C. inform the parties of the extension, reinstatement and dismissal procedures outlined in the Order.

As before, the 54th Order provides that the case is dismissed with prejudice if the 60-day abatement period is not reinstated or extended. To reinstate an abated case, the landlord must file a motion to reinstate within the 60-day abatement period and serve a copy of the motion on the tenant. The motion must show that the application for rental assistance has been denied, cancelled or withdrawn.

If you are interested in rental assistance, it would be beneficial to have the resident apply for assistance as early as possible in the eviction process. If you are not interested, you should be prepared to tell the judge you do not have a pending application for rental assistance involving the resident and you do not have an interest in participating in an available rental assistance program.

If you chose not to participate in a rental assistance program, it would be beneficial to explain to the judge the reason why you have chosen not to participate. The resident may have been uncooperative with respect to communicating with you in the past, the resident may have previously had rental assistance and you don’t think an application for rental assistance would be successful, or the resident has had conduct issues. You may have also decided not to participate in rental assistance because of the strings attached to the program (such as waiving fees or having to wait additional time after receiving assistance to take action for subsequent defaults).

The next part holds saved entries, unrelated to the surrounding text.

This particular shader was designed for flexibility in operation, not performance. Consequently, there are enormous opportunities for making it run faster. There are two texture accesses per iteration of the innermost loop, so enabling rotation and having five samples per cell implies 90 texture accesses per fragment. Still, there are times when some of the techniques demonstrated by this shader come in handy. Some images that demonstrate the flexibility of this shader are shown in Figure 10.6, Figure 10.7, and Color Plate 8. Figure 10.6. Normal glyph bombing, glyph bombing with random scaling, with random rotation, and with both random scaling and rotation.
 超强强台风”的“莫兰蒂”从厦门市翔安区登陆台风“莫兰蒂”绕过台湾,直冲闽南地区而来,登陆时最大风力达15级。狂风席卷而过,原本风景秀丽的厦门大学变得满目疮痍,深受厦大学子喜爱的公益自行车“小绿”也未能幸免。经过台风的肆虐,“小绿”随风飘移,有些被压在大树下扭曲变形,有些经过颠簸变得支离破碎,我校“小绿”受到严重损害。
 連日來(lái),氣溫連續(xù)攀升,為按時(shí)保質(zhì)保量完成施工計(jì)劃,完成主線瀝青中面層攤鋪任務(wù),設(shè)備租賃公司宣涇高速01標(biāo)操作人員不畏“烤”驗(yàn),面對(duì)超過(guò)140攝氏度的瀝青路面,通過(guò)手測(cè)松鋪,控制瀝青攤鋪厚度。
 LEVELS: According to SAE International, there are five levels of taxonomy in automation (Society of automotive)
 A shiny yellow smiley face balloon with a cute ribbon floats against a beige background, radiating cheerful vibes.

Dotting the “i’s” and crossing the “t’s”

If legal aid is involved in your case, you can assume that you will be pressed to prove that you have delivered the notice to vacate properly and that you have complied with all applicable rules, regulations and requirements.

The notice to vacate must be delivered properly. The Property Code requires that the notice to vacate be given in person or by mail at the premises in question. Notice in person may be by personal delivery to the resident or any person residing at the premises who is 16 years of age or older or personal delivery to the premises and affixing the notice to the inside of the main entry door. Notice by mail may be by regular mail, registered mail or certified mail, return receipt requested, to the premises.

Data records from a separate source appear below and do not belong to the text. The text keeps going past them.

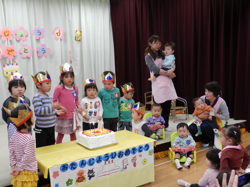 皆でお祝いのお歌を歌って、ろうそくをフーッと吹き消しました♪
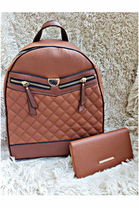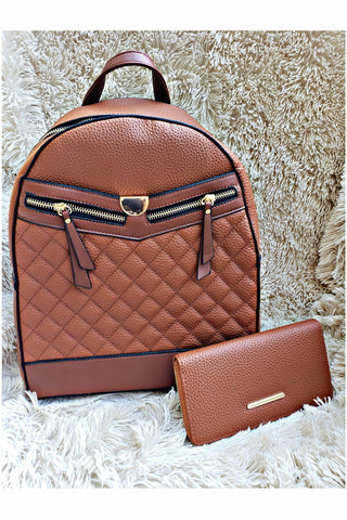 Boujie Bee Quilted Cognac Backpack/Wallet Set
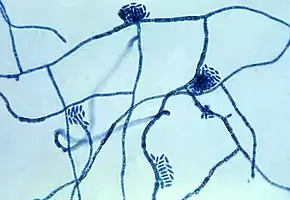 Tinea nigra is caused by the fungus formerly classified as Cladosporium werneckii, but more recently classified as Hortaea werneckii.[4] The causative organism has also been described as Phaeoannellomyces werneckii.[5] Tinea nigra is extremely superficial and can be removed from the skin by forceful scraping. It tends to appear in areas where eccrine sweat glands are highly concentrated. Infections generally start to appear on the skin around 2–7 weeks post inoculation.
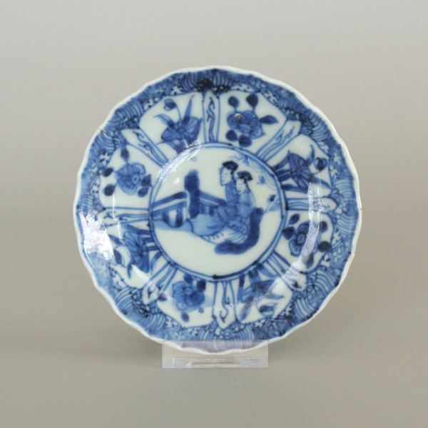 Hierbij een zeer fijn en delicaat blauwwit beschilderde kop en schotel met herhalend lange lijs of 'Long Eliza'-motief. In het centrum van zowel de schotel als het kopje is een zittend duo te zien in een tuin, omringt door een vlakverdeling met florale motieven.
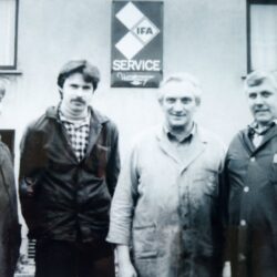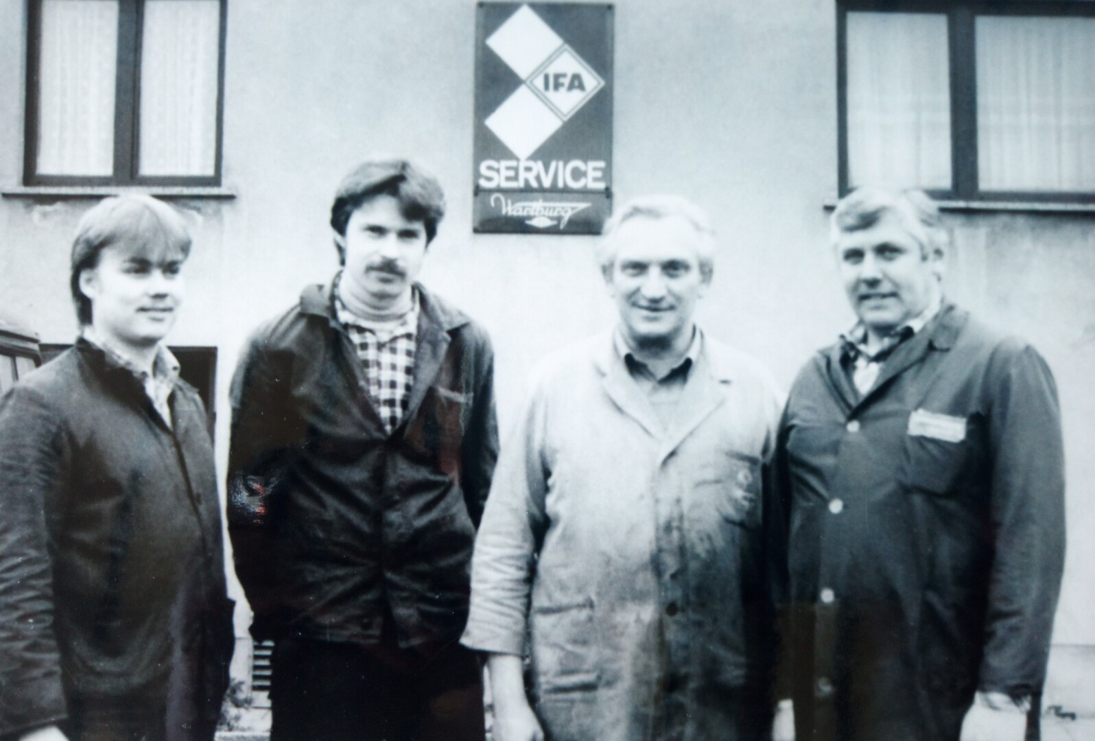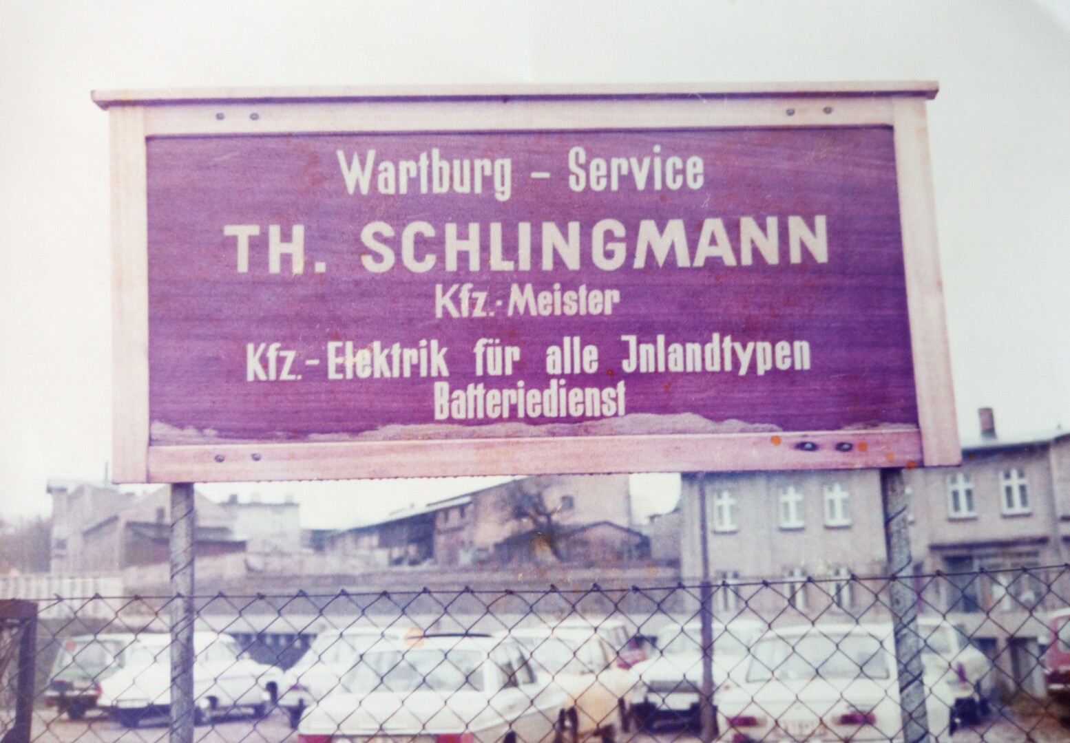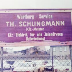 Die Bauarbeiten für die kleine Firma in der Papenbergstraße wurden seinerzeit in Eigenleistung durchgeführt – aus einem alten Stallgebäude wurde eine KfZ-Werkstatt. Und dann kam der Tag der Eröffnung: Theo, wie ihn viele in Waren einfach nur nennen, wartete auf Kunden und hatte schon Angst, dass niemand kommt. Doch der erste Kunde ließ nicht lange auf sich warten – es war Hans-Jürgen Pingel, vielen als Musiker und späterer Gastronom ein Begriff. Erste Mitarbeiter waren 1978 übrigens Jochen Schröder, Georg Müller, Dieter Dreyer und natürlich Waltraut Schlingmann. Schnell sprach sich herum, dass man in Schlingmanns Wartburg-Werkstatt immer alles versucht hat, um die häufig in die Jahre gekommenen Wagen – auch anderer Marken – wieder flott zu kriegen. Theo war bekannt dafür, dass er Ersatzteile, die wie Goldstaub waren, organisieren konnte. Dafür packte er sich auch schon mal frisch geräucherten Müritz-Aal in den Kofferraum, fuhr Richtung Süden und kam mit den gewünschten Teilen zurück…

As an alternative, the owner may deliver the notice by securely affixing the notice to the outside of the main entry door; however, this method of delivery should be considered in only certain limited circumstances. Outside delivery can only be done if: (i) the premises has no mailbox and a keyless bolting device, alarm system or dangerous animal prevents the owner from entering the premises; or (ii) the owner reasonably believes that harm will result from personal delivery to the resident or by affixing the notice to the inside of the main entry door. Additionally, the notice must be placed in a sealed envelope with the resident’s name, address and in all capital letters, the words “IMPORTANT DOCUMENT” (or substantially similar language) and must be mailed no later than 5 pm on the same day from the same county in which the premises is located.

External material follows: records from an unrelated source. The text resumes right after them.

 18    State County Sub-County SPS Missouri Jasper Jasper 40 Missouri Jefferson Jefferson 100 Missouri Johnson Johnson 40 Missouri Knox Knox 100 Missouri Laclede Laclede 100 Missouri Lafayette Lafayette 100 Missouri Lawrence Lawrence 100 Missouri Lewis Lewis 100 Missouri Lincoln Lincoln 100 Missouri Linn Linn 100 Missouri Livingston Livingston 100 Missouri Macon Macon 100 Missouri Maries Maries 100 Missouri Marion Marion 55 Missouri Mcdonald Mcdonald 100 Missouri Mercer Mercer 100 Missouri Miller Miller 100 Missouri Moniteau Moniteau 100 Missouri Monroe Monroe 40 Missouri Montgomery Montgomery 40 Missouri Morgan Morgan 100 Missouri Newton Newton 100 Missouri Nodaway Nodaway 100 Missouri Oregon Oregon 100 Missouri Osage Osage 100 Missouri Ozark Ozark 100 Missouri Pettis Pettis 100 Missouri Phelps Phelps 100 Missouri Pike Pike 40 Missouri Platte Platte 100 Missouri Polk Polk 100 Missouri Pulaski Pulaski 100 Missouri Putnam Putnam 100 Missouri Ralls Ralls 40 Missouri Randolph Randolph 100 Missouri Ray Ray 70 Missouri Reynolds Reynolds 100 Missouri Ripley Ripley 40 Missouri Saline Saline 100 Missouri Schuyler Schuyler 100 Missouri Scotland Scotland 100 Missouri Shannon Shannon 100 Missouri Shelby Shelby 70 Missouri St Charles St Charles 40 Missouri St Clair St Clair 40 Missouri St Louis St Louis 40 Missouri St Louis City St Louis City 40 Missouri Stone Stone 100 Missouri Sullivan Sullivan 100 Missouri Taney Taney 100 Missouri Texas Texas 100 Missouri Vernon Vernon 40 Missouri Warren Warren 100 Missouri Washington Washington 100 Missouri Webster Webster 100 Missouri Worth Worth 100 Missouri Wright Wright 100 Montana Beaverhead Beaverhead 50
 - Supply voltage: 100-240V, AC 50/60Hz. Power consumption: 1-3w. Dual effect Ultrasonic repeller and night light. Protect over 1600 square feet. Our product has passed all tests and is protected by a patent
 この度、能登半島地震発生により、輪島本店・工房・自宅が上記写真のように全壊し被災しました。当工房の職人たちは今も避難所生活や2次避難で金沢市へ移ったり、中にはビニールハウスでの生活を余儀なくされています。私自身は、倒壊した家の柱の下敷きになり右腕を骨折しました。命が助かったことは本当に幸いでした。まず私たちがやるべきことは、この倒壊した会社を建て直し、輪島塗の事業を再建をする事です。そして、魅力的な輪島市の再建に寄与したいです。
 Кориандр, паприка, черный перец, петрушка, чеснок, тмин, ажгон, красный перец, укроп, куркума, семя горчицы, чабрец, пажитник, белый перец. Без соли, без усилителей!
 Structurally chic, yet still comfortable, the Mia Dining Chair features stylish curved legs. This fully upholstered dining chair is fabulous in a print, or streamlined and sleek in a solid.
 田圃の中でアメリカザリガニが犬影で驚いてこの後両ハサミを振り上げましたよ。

Since notice on the outside of the door requires that certain specific additional action be taken, and is only available in limited circumstances, the best approach, if possible, is to affix the notice to the inside of the main entry door. It would also be beneficial to take a picture of the notice affixed to the inside of the door.

Also remember to be prepared to state whether or not your property is subject to the CARES Act. The Property Code provides that the owner must give at least three days written notice to vacate before the owner files a forcible detainer suit unless the parties have contracted for a shorter or longer period in a written lease or agreement. The TAA lease provides for a 24-hour notice to vacate. However, if your property is subject to the CARES Act or the applicable HUD or Federal Housing Finance Agency rules, you would be required to give a 30-day notice in nonpayment of rent cases.

The eviction landscape is different than it was three years ago. It is conceivable that it will never get back to the way it was. A “new normal” will need to be learned and accepted. Be prepared!